To do: Leave the pictures out, and transcribe the material below exactly from the line with "(Xinhua/Mauricio Valenzuela) |" to the line with "Lampenfuß, dunkelbraun lackiert.", both lines included.

Recorded data:
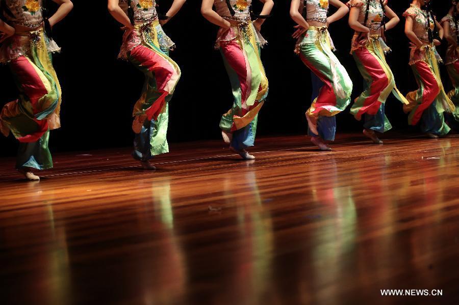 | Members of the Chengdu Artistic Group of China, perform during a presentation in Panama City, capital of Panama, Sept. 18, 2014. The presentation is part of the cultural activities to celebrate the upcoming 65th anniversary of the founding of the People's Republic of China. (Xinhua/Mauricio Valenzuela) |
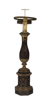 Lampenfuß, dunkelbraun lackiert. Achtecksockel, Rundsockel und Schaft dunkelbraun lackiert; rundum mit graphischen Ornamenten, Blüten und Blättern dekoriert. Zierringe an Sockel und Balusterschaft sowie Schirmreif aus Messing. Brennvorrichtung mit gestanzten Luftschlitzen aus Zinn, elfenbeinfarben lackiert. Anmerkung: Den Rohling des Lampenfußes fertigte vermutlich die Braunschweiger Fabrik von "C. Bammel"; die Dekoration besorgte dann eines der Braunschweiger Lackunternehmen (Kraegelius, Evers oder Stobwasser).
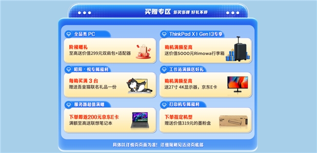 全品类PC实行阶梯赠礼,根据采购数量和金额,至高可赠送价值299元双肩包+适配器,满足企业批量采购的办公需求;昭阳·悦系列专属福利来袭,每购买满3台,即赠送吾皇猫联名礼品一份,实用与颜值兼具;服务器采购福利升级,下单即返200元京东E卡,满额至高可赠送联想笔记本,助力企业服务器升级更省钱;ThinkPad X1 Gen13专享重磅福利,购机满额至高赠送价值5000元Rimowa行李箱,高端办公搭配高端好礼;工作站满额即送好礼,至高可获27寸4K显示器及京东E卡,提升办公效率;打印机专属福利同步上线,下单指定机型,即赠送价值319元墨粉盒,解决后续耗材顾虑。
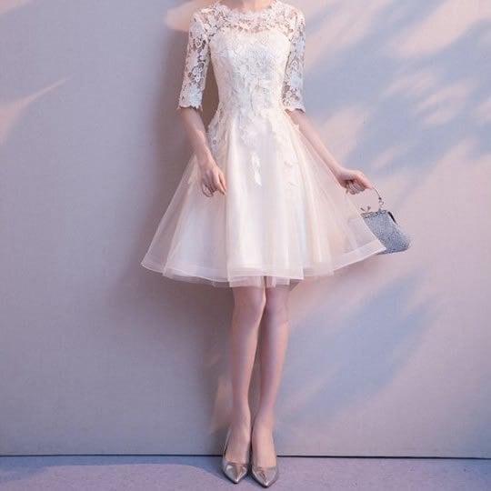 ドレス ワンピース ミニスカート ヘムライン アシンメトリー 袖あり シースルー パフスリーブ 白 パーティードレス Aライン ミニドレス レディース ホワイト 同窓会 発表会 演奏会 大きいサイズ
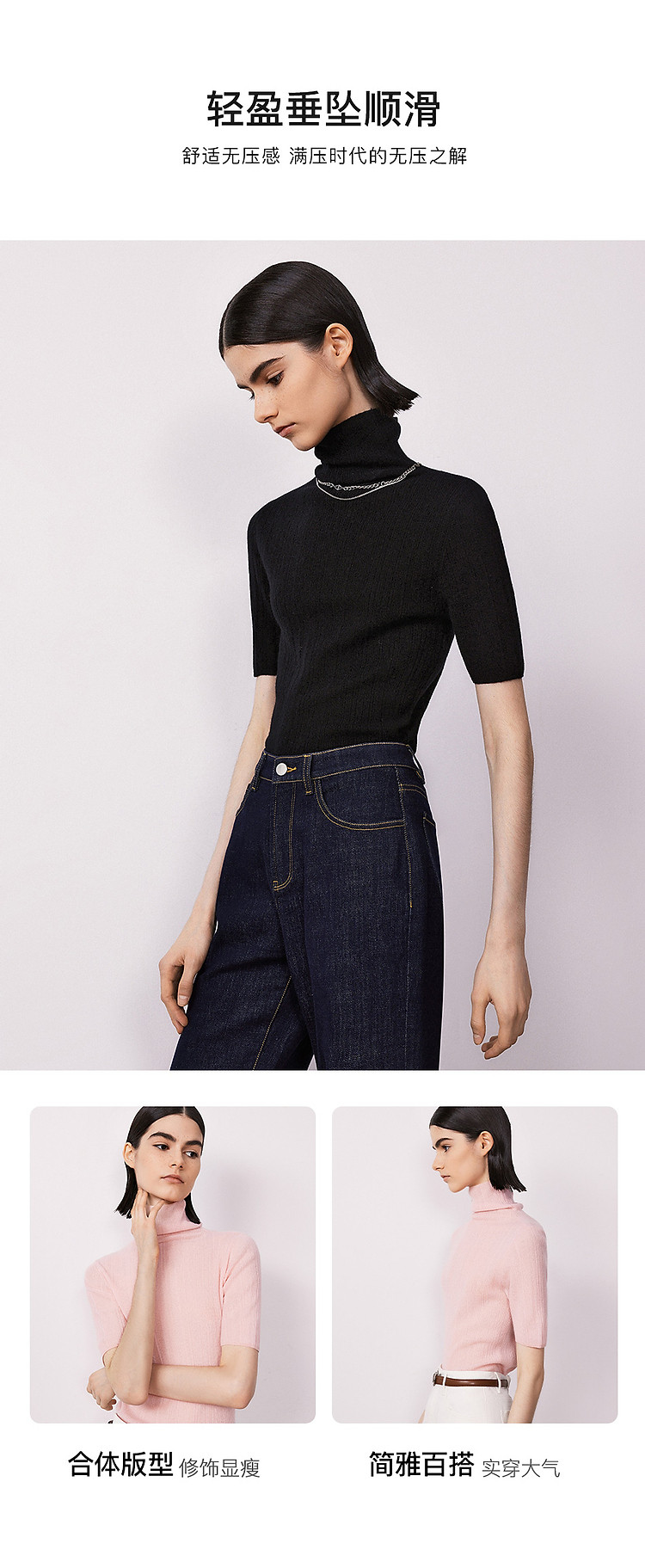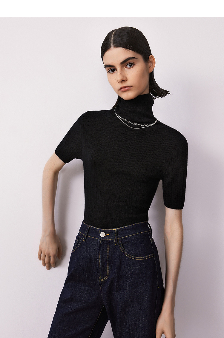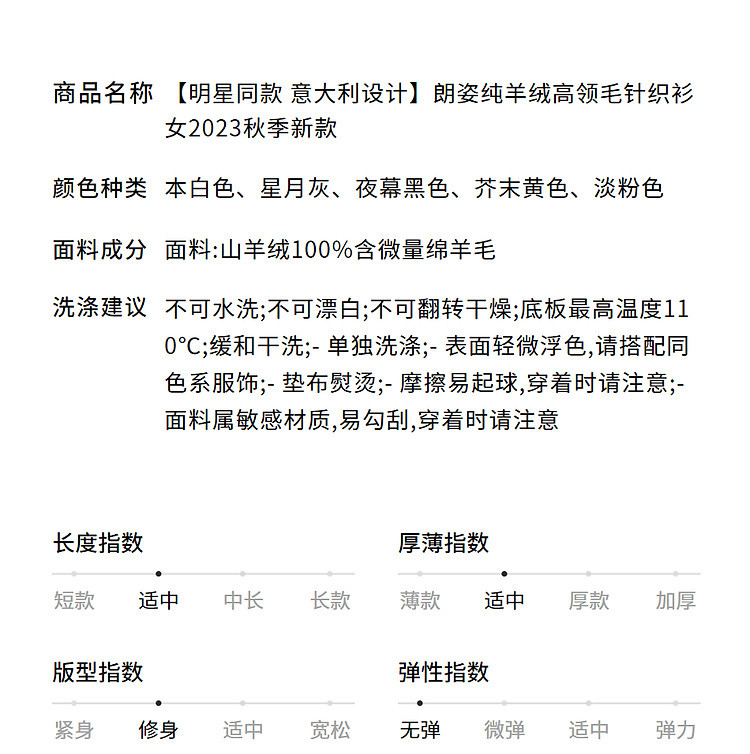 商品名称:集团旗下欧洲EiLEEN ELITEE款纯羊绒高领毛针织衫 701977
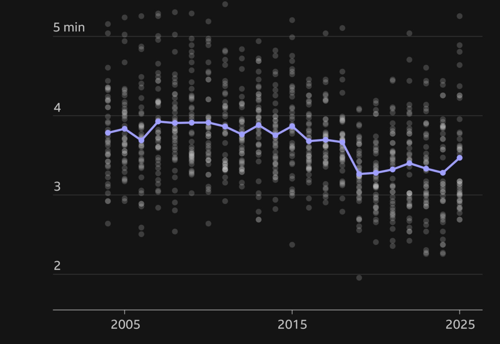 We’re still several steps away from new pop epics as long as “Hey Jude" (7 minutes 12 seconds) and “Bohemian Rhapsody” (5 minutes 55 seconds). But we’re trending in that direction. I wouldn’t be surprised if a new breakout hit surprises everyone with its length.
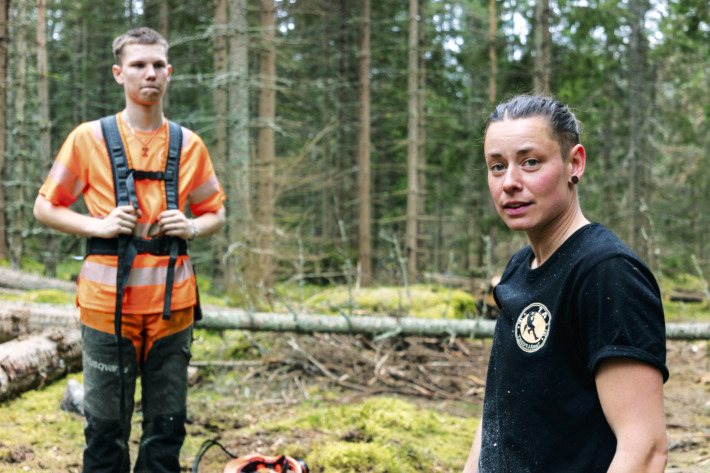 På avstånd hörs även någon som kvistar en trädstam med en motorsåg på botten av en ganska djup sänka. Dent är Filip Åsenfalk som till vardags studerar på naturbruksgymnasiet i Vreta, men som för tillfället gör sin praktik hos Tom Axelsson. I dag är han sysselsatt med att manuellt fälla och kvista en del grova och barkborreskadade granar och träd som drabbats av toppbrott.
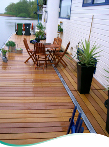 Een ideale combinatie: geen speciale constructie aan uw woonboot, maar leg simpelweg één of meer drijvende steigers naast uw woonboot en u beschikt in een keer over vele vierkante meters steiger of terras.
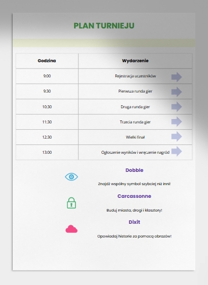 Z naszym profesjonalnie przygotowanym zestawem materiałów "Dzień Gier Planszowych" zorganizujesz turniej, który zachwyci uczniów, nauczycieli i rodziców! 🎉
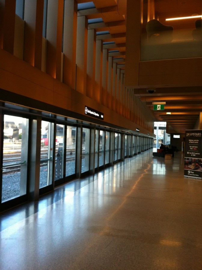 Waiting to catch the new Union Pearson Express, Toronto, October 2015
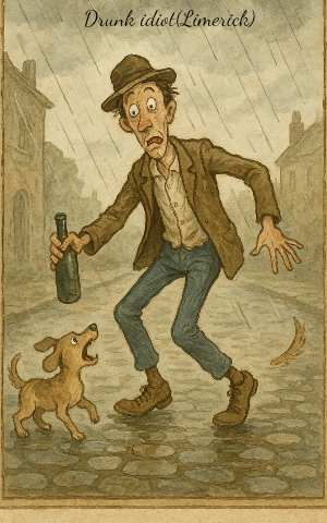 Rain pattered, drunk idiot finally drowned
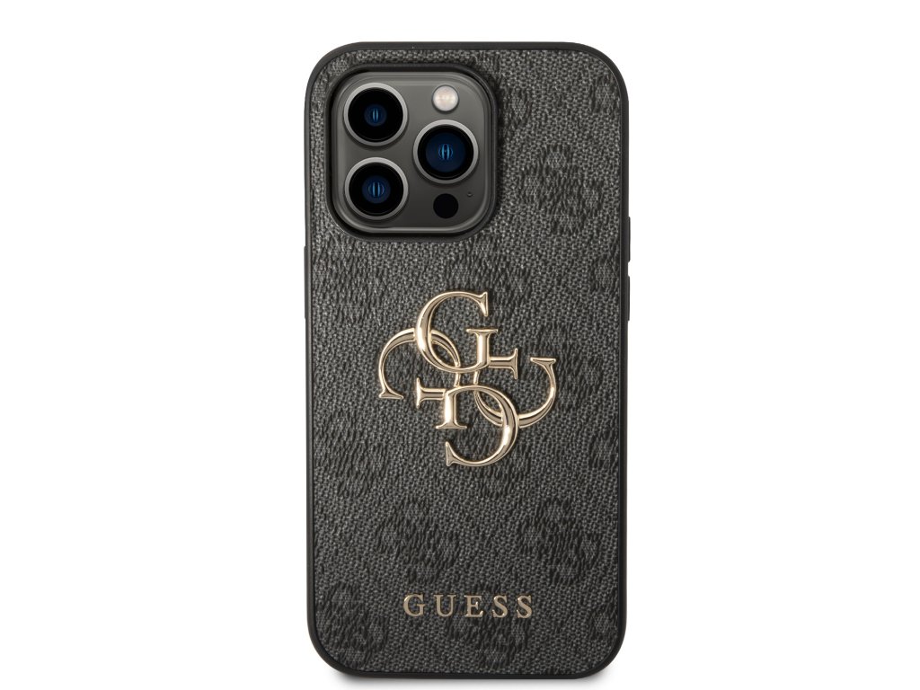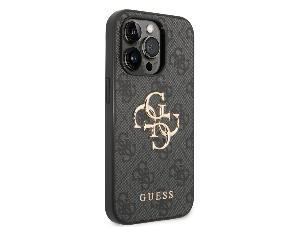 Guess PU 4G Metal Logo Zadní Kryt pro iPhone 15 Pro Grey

--

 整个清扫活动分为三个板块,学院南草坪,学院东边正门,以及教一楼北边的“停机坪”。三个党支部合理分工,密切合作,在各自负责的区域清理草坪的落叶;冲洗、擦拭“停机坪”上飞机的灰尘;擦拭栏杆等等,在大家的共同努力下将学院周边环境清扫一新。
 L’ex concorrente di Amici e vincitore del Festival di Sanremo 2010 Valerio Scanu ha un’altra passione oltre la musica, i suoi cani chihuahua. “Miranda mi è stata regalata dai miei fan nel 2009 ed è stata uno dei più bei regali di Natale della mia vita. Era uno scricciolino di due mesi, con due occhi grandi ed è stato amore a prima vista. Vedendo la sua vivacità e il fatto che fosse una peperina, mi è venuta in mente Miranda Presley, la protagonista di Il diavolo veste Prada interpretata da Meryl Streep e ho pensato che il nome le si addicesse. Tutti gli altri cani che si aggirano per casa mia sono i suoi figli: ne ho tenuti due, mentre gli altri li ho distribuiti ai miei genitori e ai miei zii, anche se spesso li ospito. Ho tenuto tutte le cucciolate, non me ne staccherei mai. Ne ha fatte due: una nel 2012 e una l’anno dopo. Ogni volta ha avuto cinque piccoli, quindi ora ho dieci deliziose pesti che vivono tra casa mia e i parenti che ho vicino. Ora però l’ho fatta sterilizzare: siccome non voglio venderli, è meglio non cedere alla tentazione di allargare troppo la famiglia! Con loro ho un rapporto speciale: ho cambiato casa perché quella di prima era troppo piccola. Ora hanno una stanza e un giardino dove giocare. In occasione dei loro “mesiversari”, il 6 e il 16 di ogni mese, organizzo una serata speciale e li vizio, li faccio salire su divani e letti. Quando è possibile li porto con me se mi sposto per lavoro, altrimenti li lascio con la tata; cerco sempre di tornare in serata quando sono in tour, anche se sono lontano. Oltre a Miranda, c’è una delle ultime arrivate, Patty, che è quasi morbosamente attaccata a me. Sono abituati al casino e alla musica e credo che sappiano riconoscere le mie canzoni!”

Reply:
 | Members of the Chengdu Artistic Group of China, perform during a presentation in Panama City, capital of Panama, Sept. 18, 2014. The presentation is part of the cultural activities to celebrate the upcoming 65th anniversary of the founding of the People's Republic of China. (Xinhua/Mauricio Valenzuela) |
 Lampenfuß, dunkelbraun lackiert. Achtecksockel, Rundsockel und Schaft dunkelbraun lackiert; rundum mit graphischen Ornamenten, Blüten und Blättern dekoriert. Zierringe an Sockel und Balusterschaft sowie Schirmreif aus Messing. Brennvorrichtung mit gestanzten Luftschlitzen aus Zinn, elfenbeinfarben lackiert. Anmerkung: Den Rohling des Lampenfußes fertigte vermutlich die Braunschweiger Fabrik von "C. Bammel"; die Dekoration besorgte dann eines der Braunschweiger Lackunternehmen (Kraegelius, Evers oder Stobwasser).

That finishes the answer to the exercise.